Yakovenko described the Solana mobile phone payment experience as an “ApplePay-like experience.” He went on to state that “every mobile phone should act as a hardware wallet.” However, Yakovenko did recommend still owning a dedicated hardware wallet for cold storage.
The talk then moved on to a conversation on the growth of the Solana network and the wrestling match with the “trilemma bear.” Yakovenko stated that the growth of Solana has been done entirely “without cheating” and that the Solana Foundation has never asked anyone to turn off validators or shut down the chain.
Other blockchains “cannot do more than one thing at once” which causes competition that simply drives up fees according to Yakovenko. Solana, however, is able to do multiple things at once which gives it an edge over other chains.
Hard problems in Solana
Yakovenko stated that it has always been the intention that “Solana should be as composable as Linux” as he discussed different programming languages that are supported by Solana. Solving The Trilemma “is going to be a challenge for everybody in crypto including us.” However, Yakovenko referred to the improvement and use of better hardware as a route to finding the solution.
The list of “hard problems being solved now on Solana” included;
- Deterministic turbine
- Zero copy runtime
- Replay optimizations
- Tx scheduling
- Seed Vaults
- Increasing validator numbers
- Automated audits
Further, Yakovenko showcased his deep technical knowledge as he dove into core advancements in cryptographic technology hailing progress by Linux developers to create new technology that can improve blockchain.
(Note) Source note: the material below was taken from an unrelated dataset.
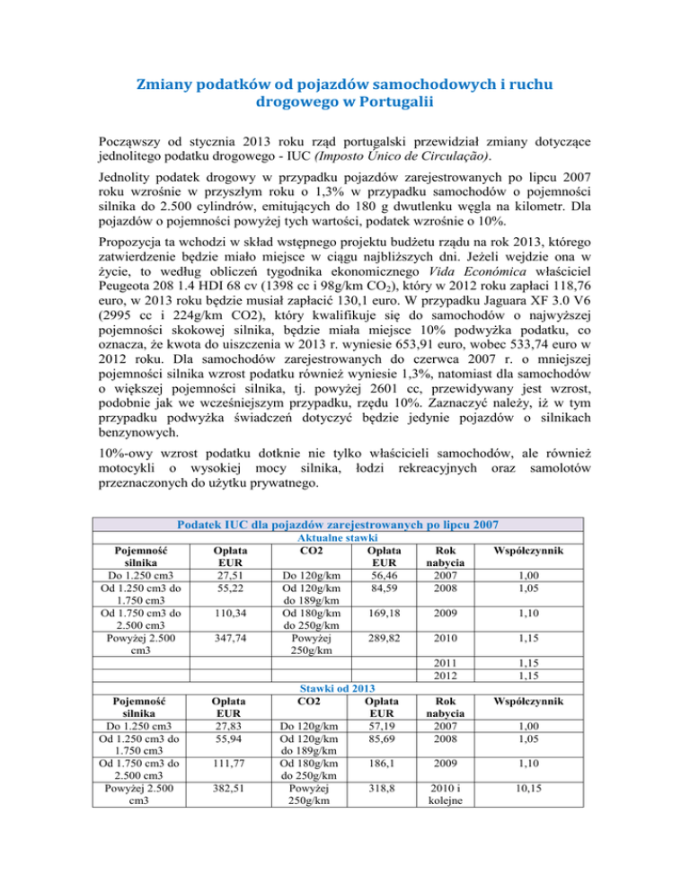 Zmiany podatków od pojazdów samochodowych i ruchu drogowego w Portugalii Począwszy od stycznia 2013 roku rząd portugalski przewidział zmiany dotyczące jednolitego podatku drogowego - IUC (Imposto Único de Circulação). Jednolity podatek drogowy w przypadku pojazdów zarejestrowanych po lipcu 2007 roku wzrośnie w przyszłym roku o 1,3% w przypadku samochodów o pojemności silnika do 2.500 cylindrów, emitujących do 180 g dwutlenku węgla na kilometr. Dla pojazdów o pojemności powyżej tych wartości, podatek wzrośnie o 10%. Propozycja ta wchodzi w skład wstępnego projektu budżetu rządu na rok 2013, którego zatwierdzenie będzie miało miejsce w ciągu najbliższych dni. Jeżeli wejdzie ona w życie, to według obliczeń tygodnika ekonomicznego Vida Económica właściciel Peugeota 208 1.4 HDI 68 cv (1398 cc i 98g/km CO2), który w 2012 roku zapłaci 118,76 euro, w 2013 roku będzie musiał zapłacić 130,1 euro. W przypadku Jaguara XF 3.0 V6 (2995 cc i 224g/km CO2), który kwalifikuje się do samochodów o najwyższej pojemności skokowej silnika, będzie miała miejsce 10% podwyżka podatku, co oznacza, że kwota do uiszczenia w 2013 r. wyniesie 653,91 euro, wobec 533,74 euro w 2012 roku. Dla samochodów zarejestrowanych do czerwca 2007 r. o mniejszej pojemności silnika wzrost podatku również wyniesie 1,3%, natomiast dla samochodów o większej pojemności silnika, tj. powyżej 2601 cc, przewidywany jest wzrost, podobnie jak we wcześniejszym przypadku, rzędu 10%. Zaznaczyć należy, iż w tym przypadku podwyżka świadczeń dotyczyć będzie jedynie pojazdów o silnikach benzynowych. 10%-owy wzrost podatku dotknie nie tylko właścicieli samochodów, ale również motocykli o wysokiej mocy silnika, łodzi rekreacyjnych oraz samolotów przeznaczonych do użytku prywatnego. Podatek IUC dla pojazdów zarejestrowanych po lipcu 2007 Pojemność silnika Do 1.250 cm3 Od 1.250 cm3 do 1.750 cm3 Od 1.750 cm3 do 2.500 cm3 Powyżej 2.500 cm3 Pojemność silnika Do 1.250 cm3 Od 1.250 cm3 do 1.750 cm3 Od 1.750 cm3 do 2.500 cm3 Powyżej 2.500 cm3 Opłata EUR 27,51 55,22 110,34 347,74 Opłata EUR 27,83 55,94 111,77 382,51 Aktualne stawki CO2 Opłata EUR Do 120g/km 56,46 Od 120g/km 84,59 do 189g/km Od 180g/km 169,18 do 250g/km Powyżej 289,82 250g/km Stawki od 2013 CO2 Opłata EUR Do 120g/km 57,19 Od 120g/km 85,69 do 189g/km Od 180g/km 186,1 do 250g/km Powyżej 318,8 250g/km Rok nabycia 2007 2008 Współczynnik 2009 1,10 2010 1,15 2011 2012 1,15 1,15 Rok nabycia 2007 2008 Współczynnik 2009 1,10 2010 i kolejne 10,15 1,00 1,05 1,00 1,05 2 IUC dla pojazdów zarejestrowanych do czerwca 2007 Na benzynę, pojemność silnika Do 1.000 Od 1.001 do 1.300 Od 1.301 do 1.750 Od 1.751 do 2.600 Powyżej 2.601 do 3.500 Powyżej 3.500 Na benzynę, pojemność silnika Do 1.000 Od 1.001 do 1.300 Od 1.301 do 1.750 Od 1.751 do 2.600 Powyżej 2.601 do 3.500 Powyżej 3.500 Inne (olej napędowy, itp), pojemność silnika Do 1.500 Od 1.501 do 2.000 Od 2.001 do 3.000 Powyżej 3.000 Inne (olej napędowy, itp), pojemność silnika Do 1.500 Od 1.501 do 2.000 Od 2.001 do 3.000 Powyżej 3.000 Aktualne stawki Napędzane elektrycznie Po 1995 Od 1990 do 1995 Od 1981 do 1989 Całkowite napięcie Do 100 Powyżej 100 17,25 € 34,61€ 10,87 € 19,45 € 7,63 € 10,87 € - 54,06 € 30,22 € 15,16 € - 137,17 € 72,35 € 31,26 € - 229,39 € 124,92 € 63,61€ 408,69 € Stawki od 2013 Napędzane elektrycznie Po 1995 209,94 € 96,46 € Od 1990 do 1995 Od 1981 do 1989 - Do 100 Powyżej 100 17,25 € 35,06€ 11,01 € 19,70 € 7,73 € 11,01 € - 54,76 € 30,61 € 15,36 € - 138,95 € 73,29 € 31,67 € - - 252,33 € 137,41 € 69,97 € - - 449,56 € 230,93 € 106,11 € Przy oczekiwanym wzroście IUC e przyszłym roku, dla kupujących jest to obecnie najlepszy czas na nabycie nowego samochodu, jako że ci, którzy kupią nowy pojazd do końca tego roku mogą korzystać z promocji, stosowanych przez producentów samochodów. Od stycznia do września br. zostało sprzedanych 86.803 pojazdów w Portugalii, co oznacza spadek w wysokości 42,1% w porównaniu do analogicznego okresu roku ubiegłego. Portugalskie Stowarzyszenie Samochodowe (ACAP - Associação Automóvel de Portugal) wymaga od rządu ponownego wprowadzenia Planu Zachęt Finansowych dla Pojazdów Wycofanych z Eksploatacji w celu zahamowania gwałtownych spadków sprzedaży. Jak do tej pory rząd nie rozważał możliwości włączenia tego instrumentu do projektu budżetu na rok 2013. Obserwowany ciągły spadek sprzedaży na rynku odbija się w dramatyczny sposób na kondycji firm handlowych z branży motoryzacyjnej. Jak podkreśla stowarzyszenie 3 ACAP w Hiszpanii przy spadku mniejszym niż w Portugalii ww. plan zachęt finansowych został wznowiony w dniu 1 października. Renault, BMW, Mercedes-Benz, Audi, Skoda, Volkswagen, Opel i Peugeot to tylko niektóre z marek, które przyznają się do repozycjonowania cen w celu dostosowania ich do spadku konsumpcji prywatnej. Mimo, że marże zysku są „zniwelowane do maksimum”, większość marek przejęła rolę państwa stosując zachęty finansowe dla demontażu samochodów wycofanych z eksploatacji. , Producenci i sprzedawcy samochodów markowych są zdania, że obecnie klienci są wręcz zobowiązani do racjonalnego potraktowania ewentualnej decyzji o zakupie samochodu i mało kto podejmuje się ryzyka wzięcia kredytu na samochód, nawet gdy marki „premium”, jak BMW, Mercedes, Porsche, Audi, Jaguar i Land Rover, przedstawiają klientom coraz to atrakcyjniejsze propozycje.. Rząd planuje ponadto dwie główne zmiany w ramach podatku od pojazdów - ISV (Imposto Sobre Veiculos). Ma zostać uchylona, stosowana dotychczas w przypadku pojazdów kempingowych, 15%-owa redukcja podatku ISV. Zwolnione natomiast z opłat tego podatku będą lekkie pojazdy dostawcze, czterokołowe, z wbudowaną kabiną w karoserii i o wadze brutto do 3500 kg. Proponowany na rok 2013 budżet państwa w

The ability of artificial intelligence to write “machine code with strong types” is something that Yakovenko is extremely excited about coming to Solana. Yakovenko referred to this new technology as “basically science fiction when I was studying computer science.”
The need for an increase in “light clients” was also raised by Yakovenko as “you’re not going to get a billion users running full nodes.” The Solana Labs CEO remarked that light clients can reach the required number of validators for mass adoption. In reference to the number of light clients that will be needed on Solana in the future, he commented “it’s going to have to be 20,000 if not 200,000.”
Competing with web2
Yakovenko argued that “when you look at web2 traffic it’s not uniform” you see big spikes in traffic and you need to average the work over a period of time. Using blockchain, and specifically the Solana network, “you can have actual program execution run a full epoch behind fork choice.”
“The soul of Solana is based on creating a historical record of the world… We want to reduce latencies between the users and the network.”
In order for Solana to compete with web2 Yakovenko believes that it needs to reduce latency for the user to around 50ms. He argued that there is “nothing stopping us” other than a bunch of work.
In conclusion, Yakovenko disclosed that the goal is to achieve “consensus at the speed of light” through increasing network participation and the number of validators around the world.